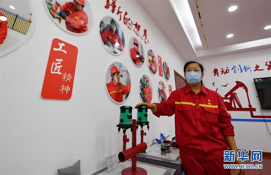 6月29日,馮萌萌在大港油田采油二廠二區(qū)“馮萌萌勞模創(chuàng)新工作室”留影。新華社記者李然攝
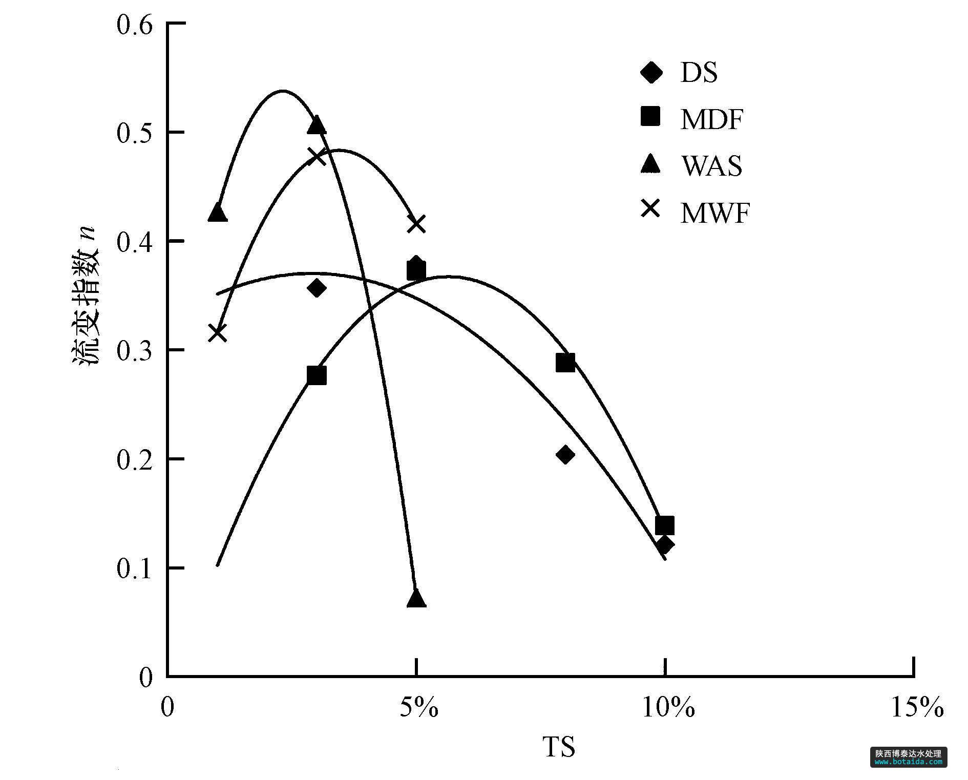 2)隨著固體濃度由1%升高到10%,4種厭氧消化原料的流變指數呈先升高后降低的趨勢,WAS和MDF在TS=3%時流變指數最大,而DS和MDF在TS=5%時流變指數最大.
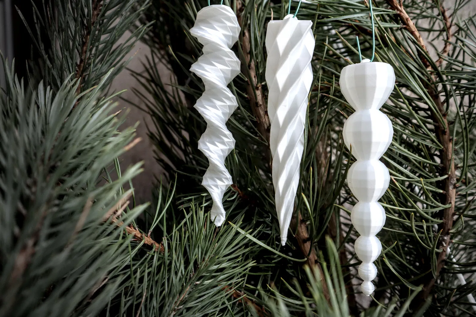 Tập hợp các mẫu icicle (thạch nhũ băng) để trang trí cây thông Noel, bạn có thể in chế độ vase mode và luồn dây treo qua các lỗ có sẵn. Chất liệu gợi ý là PLA Pearl White cho vẻ lung linh.
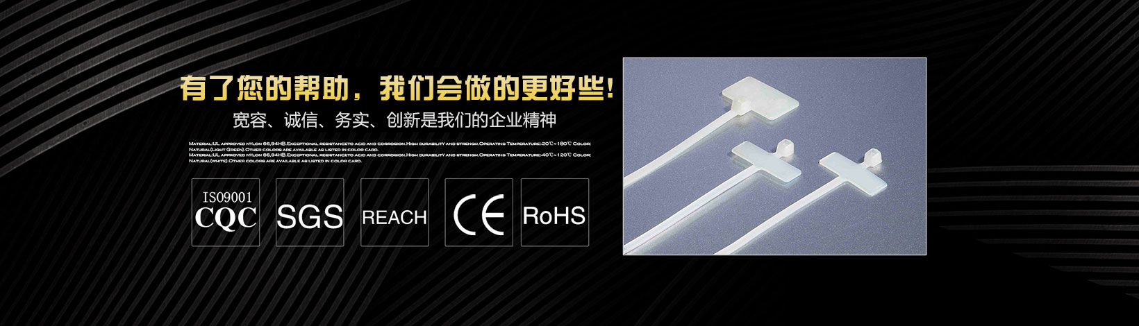 本公司專業生產銷售尼龍扎帶、特殊型扎帶、吸盤(自粘式定位片)、塑料膨脹管、尼龍壓線帽、電纜防水接頭、鋼釘線卡、R型線夾、飛機型線夾、瓷磚定位十字架、固定座、纏繞管、異型管、齒型管、號碼管、熱縮管、黃臘管、扎絲、鋼管蓋等系列產品。 我們擁有先進的檢測設備和雄厚的技術力量,并不斷優化生產流程,規范生產環節,加強完善質量控制系統,以優異的品質深得海內外客戶的一致好評。

• Activity:
Repeat the listing verbatim, pictures excluded.

• Result of this exercise:
 6月29日,馮萌萌在大港油田采油二廠二區(qū)“馮萌萌勞模創(chuàng)新工作室”留影。新華社記者李然攝
 2)隨著固體濃度由1%升高到10%,4種厭氧消化原料的流變指數呈先升高后降低的趨勢,WAS和MDF在TS=3%時流變指數最大,而DS和MDF在TS=5%時流變指數最大.
 Tập hợp các mẫu icicle (thạch nhũ băng) để trang trí cây thông Noel, bạn có thể in chế độ vase mode và luồn dây treo qua các lỗ có sẵn. Chất liệu gợi ý là PLA Pearl White cho vẻ lung linh.
 本公司專業生產銷售尼龍扎帶、特殊型扎帶、吸盤(自粘式定位片)、塑料膨脹管、尼龍壓線帽、電纜防水接頭、鋼釘線卡、R型線夾、飛機型線夾、瓷磚定位十字架、固定座、纏繞管、異型管、齒型管、號碼管、熱縮管、黃臘管、扎絲、鋼管蓋等系列產品。 我們擁有先進的檢測設備和雄厚的技術力量,并不斷優化生產流程,規范生產環節,加強完善質量控制系統,以優異的品質深得海內外客戶的一致好評。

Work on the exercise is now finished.